As part of this process, we  identified a number of leaders in the space. This included people who have built tools like Rahul Bhargava and Catherine D’Ignazio who designed Databasic.io,Andee Rubinwho contributed to CODAP, and Victor Lee who focused on tools that link personal informatics and data. Other leaders included scholars who researched how existing tools are being used to support data literacies, including Tammy Clegg who has researched how college athletes develop data literacy skills, Yasmin Kafai who has looked at e-textile projects, and Camillia Matuk who has done research on data literacy curricula. Happily, all of these leaders agreed to join us as co-organizers for the workshop. 

The workshop and what we learned from it

Our workshop took place on July 13th and July 15th as part of the 2021 Connected Learning Summit. Participants came from diverse backgrounds and the group included academic researchers, industry practitioners, K-12 teachers, and librarians. On the first day we focused on exploring existing learning scenarios designed to promote youth data literacies. On the second day we built on big questions raised in the initial session and brainstormed features for future systems. Both workshop sessions were composed of several breakout sessions. We took notes in a shared editor and encouraged participants to add their ideas and comments on sticky notes on collaborative digital white boards and share their definitions and questions around data literacies. 

Caption: organizers and participants sharing past projects and ideas in a breakout session. 

Day 1 Highlights

On Day 1, we explored a variety of existing tools designed to promote youth data literacies. We had a total of 28 participants who attended the session. We began with a group exercise where we shared their own definitions of youth data literacies before dividing into 3 groups: a group focusing on tools for data visualization and storytelling, a group focusing on block-based tools, and a group focusing on data literacy curricula. In each breakout session, our co-organizers first demonstrated one or two existing tools.
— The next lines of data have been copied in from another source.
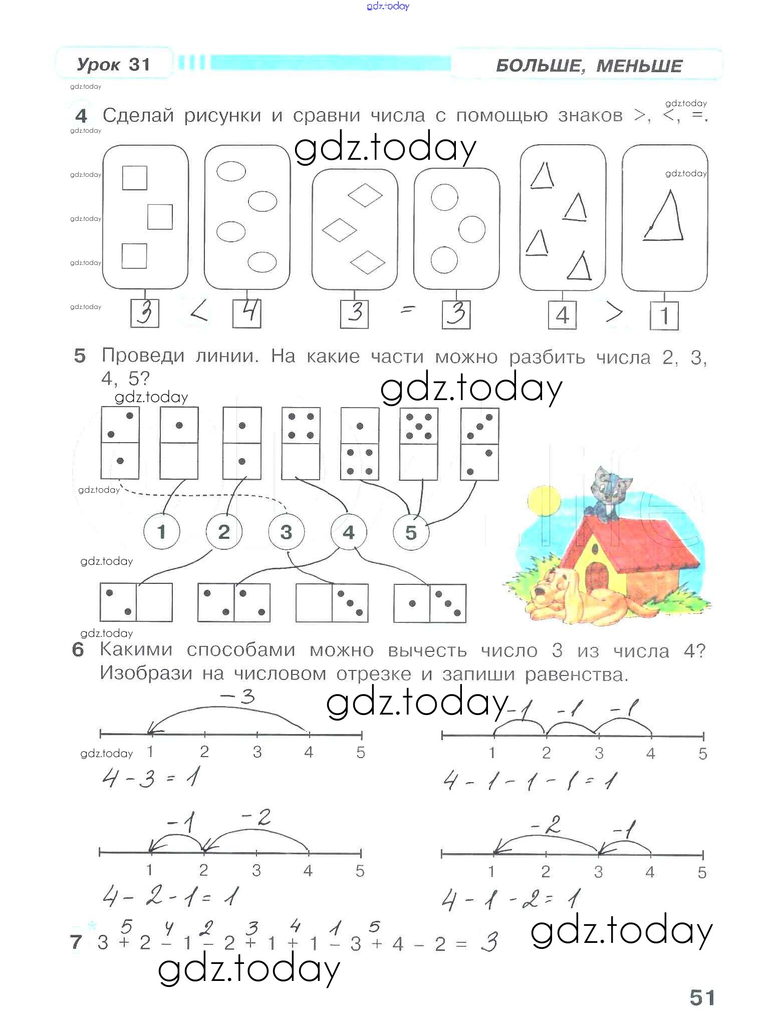 На страницах сайта gdz.today вы найдете учебный и вспомогательный материал, направленный на улучшения знаний школьной программы. ГДЗ - онлайн мир знаний Решение к части 1. Страницы 51 Рабочей тетради по Математике для 1 класса Петерсон Ювента Учусь учиться 2016
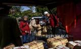 Panitia membawa besek yang berisi daging hewan qurban untuk dibagikan kepada mustahik di Masjid Al Lathiif, Jalan Saninten, Kota Bandung, Jumat (31/7). Gubernur Jawa Barat Ridwan Kamil mengatakan teknis pembagian daging qurban dilakukan secara pintu ke pintu (door to door) sebagai bentuk penerapan protokol kesehatan di masa Adaptasi Kebiasaan Baru (AKB) guna pencegahan penyebaran Covid-19. (FOTO : ABDAN SYAKURA/REPUBLIKA)
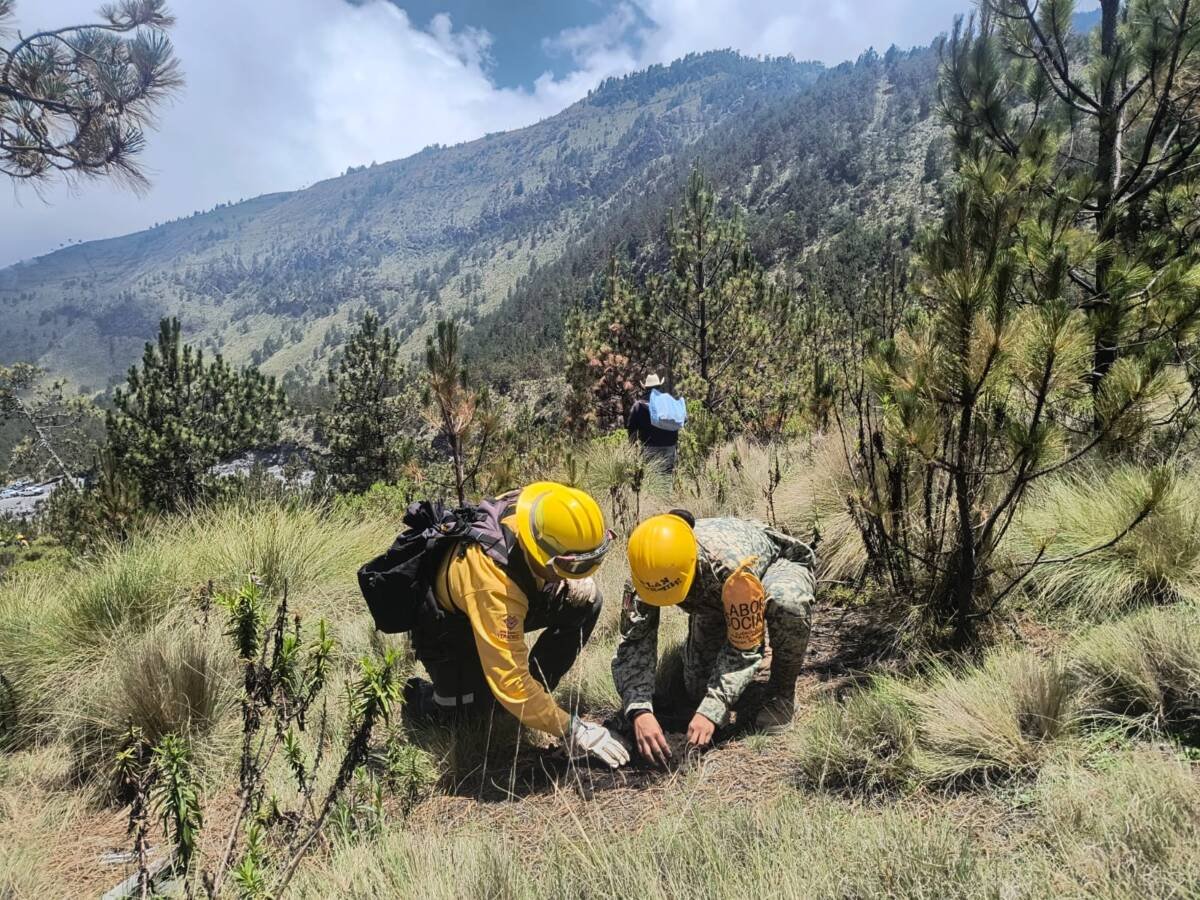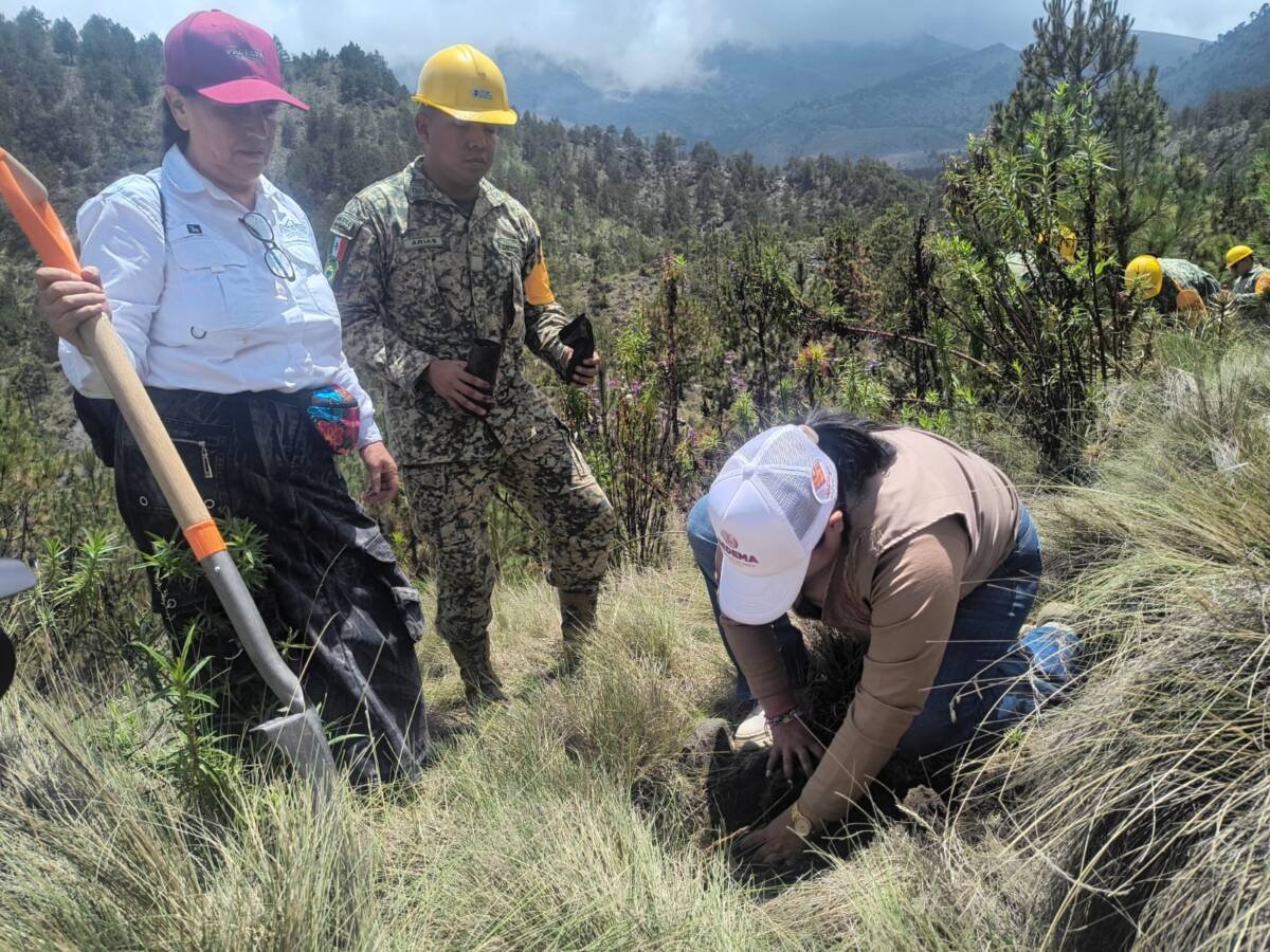Orizaba, Ver.- Elementos de la Secretaría de Defensa Nacional y la asociación civil Salvemos el Pico realizaron en días pasados trabajos de reforestación en las faldas del Pico de Orizaba logrando sembrar alrededor de 1,500 arbolitos de pino.
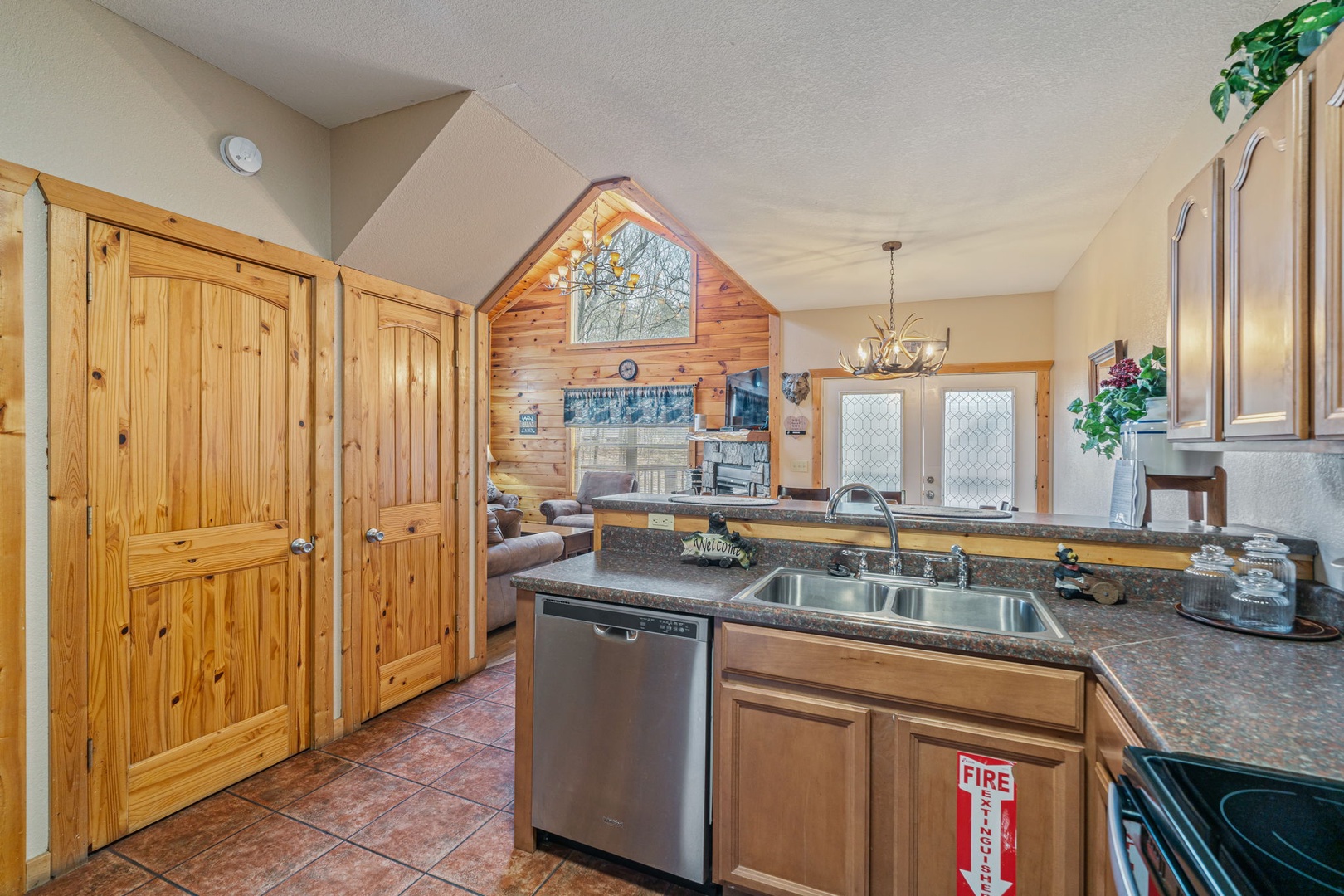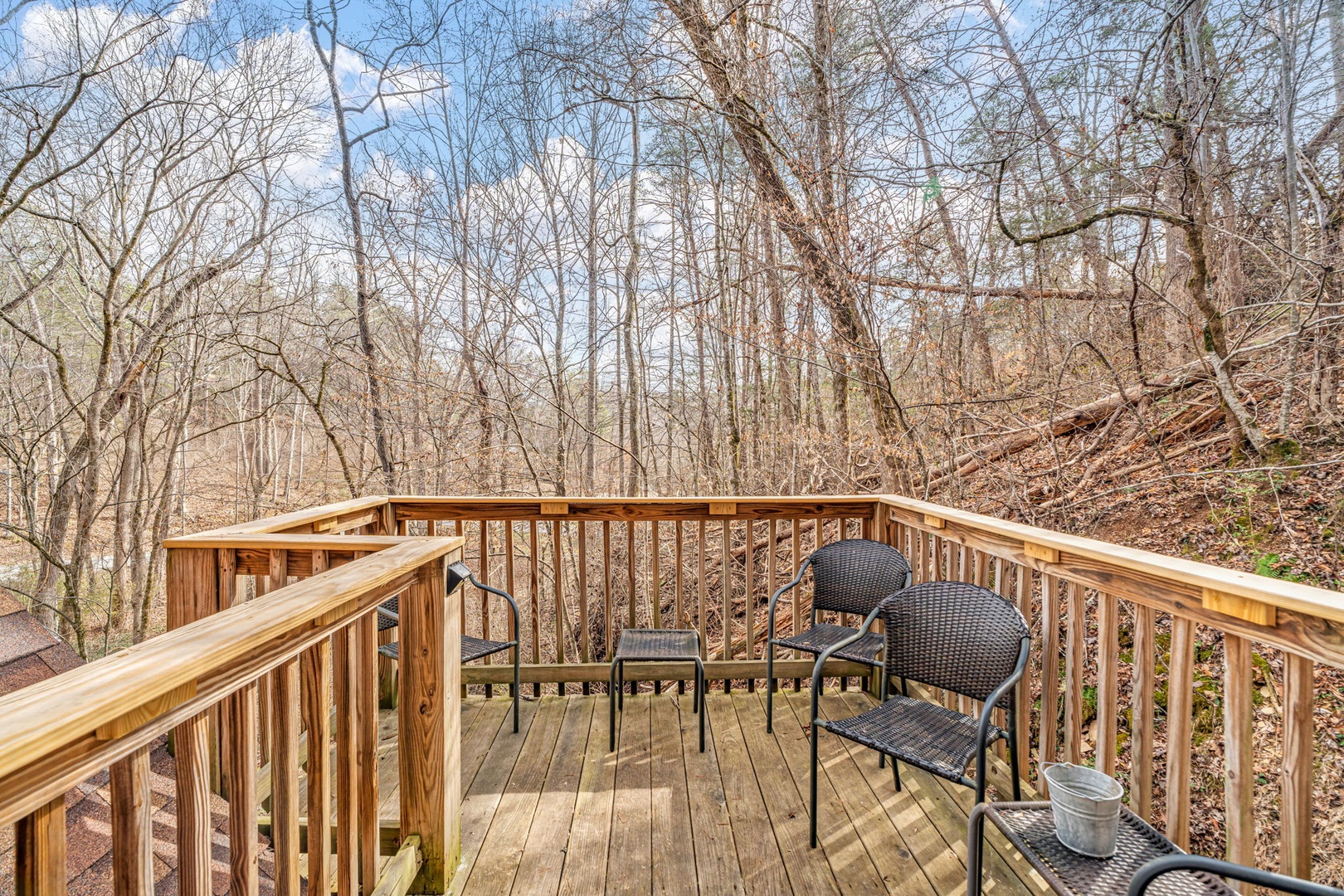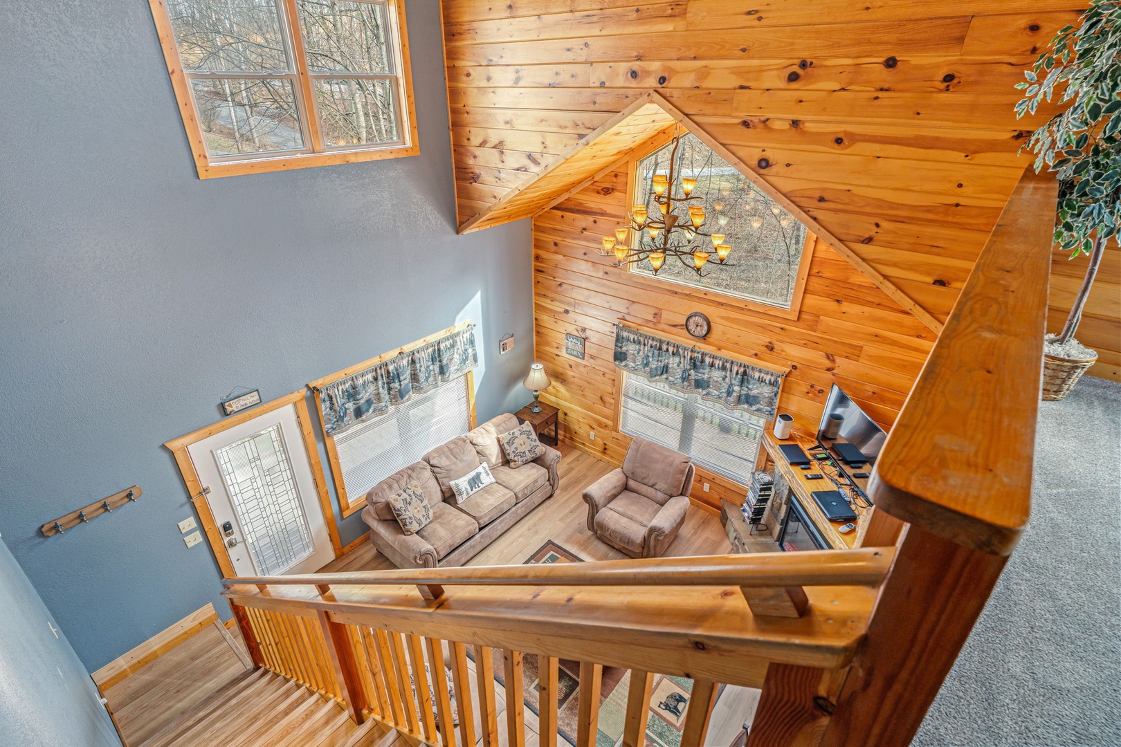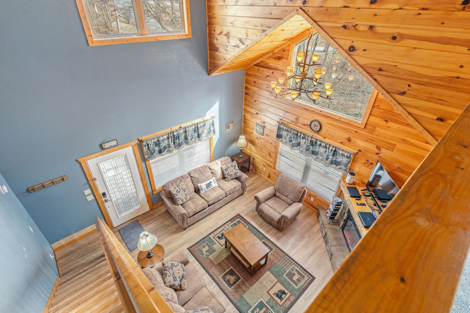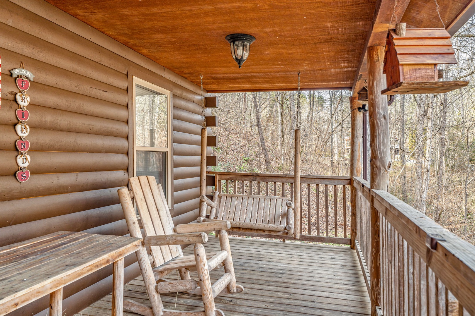 Step inside and you’ll immediately feel relaxed and right at home. This welcoming space provides you with a soaring cathedral ceiling, cozy furnishings, flat-screen TV, a stone fireplace, and deck access.You’re never far from nature here! Stir up a pitcher of sweet tea and head out to a relaxing rocking chair to soak it in!

Each group then discussed how the demo tool might support a single learning scenario based on the following prompt: “Imagine a six-grader who just learned basic concepts about central tendency, how might she use these tools to apply this concept on real world data?” Each group generated many reflective questions and ideas that would prompt and help inform the design of future data literacies tools. Results of our process are captured in the boards linked below. 

Caption: Activities on Miro boards during the workshop.

Data visualization and storytelling

Click here to see the activities on Miro board for this breakout session. 


In the sub-section focusing on data visualization and storytelling, Victor Lee first demonstrated Tinkerplots, a desktop-based software that allows students to explore a variety of visualizations with simple click-button interaction using data in .csv format. Andee Rubin then demonstrated CODAP, a web-based tool similar to Tinkerplots that supports drag-and-drop with data, additional visual representation options including maps, and connection between representations. 

Caption: CODAP and Tinkerplots—two tools demonstrated during the workshop.

We discussed how various features of these tools could support youth data literacies in specific learning scenarios. We saw flexibility as one of the most important factors in tool use, both for learners and teachers. Both tools are topic-agnostic and compatible with any data in .csv format. This allows students to explore data of any topics that interest them. Simplicity in interaction is another important advantage. Students can easily see the links between tabular data and visualizations and try out different representations using simple interactions like drag-and-drop, check boxes, and button clicks. Features of these tools can also support students in performing aggregation on data and telling stories about trends and outliers. 

We further discussed potential learning needs beyond what the current features could support. Before creating visualizations, students may need scaffolds during the process of data collection, as well as in the stage of programming with and preprocessing data. Story telling about the process of working with data was another theme that came up a lot from our discussion. Open questions include how features can be designed to support reproducibility, how we can design scaffolds for students to explain what they are doing with data in diary style stories, and how we can help students narrate what they think about a dataset and why they generate particular visualizations.

Block-based tools

Click here to see the activities on Miro board for this breakout session. 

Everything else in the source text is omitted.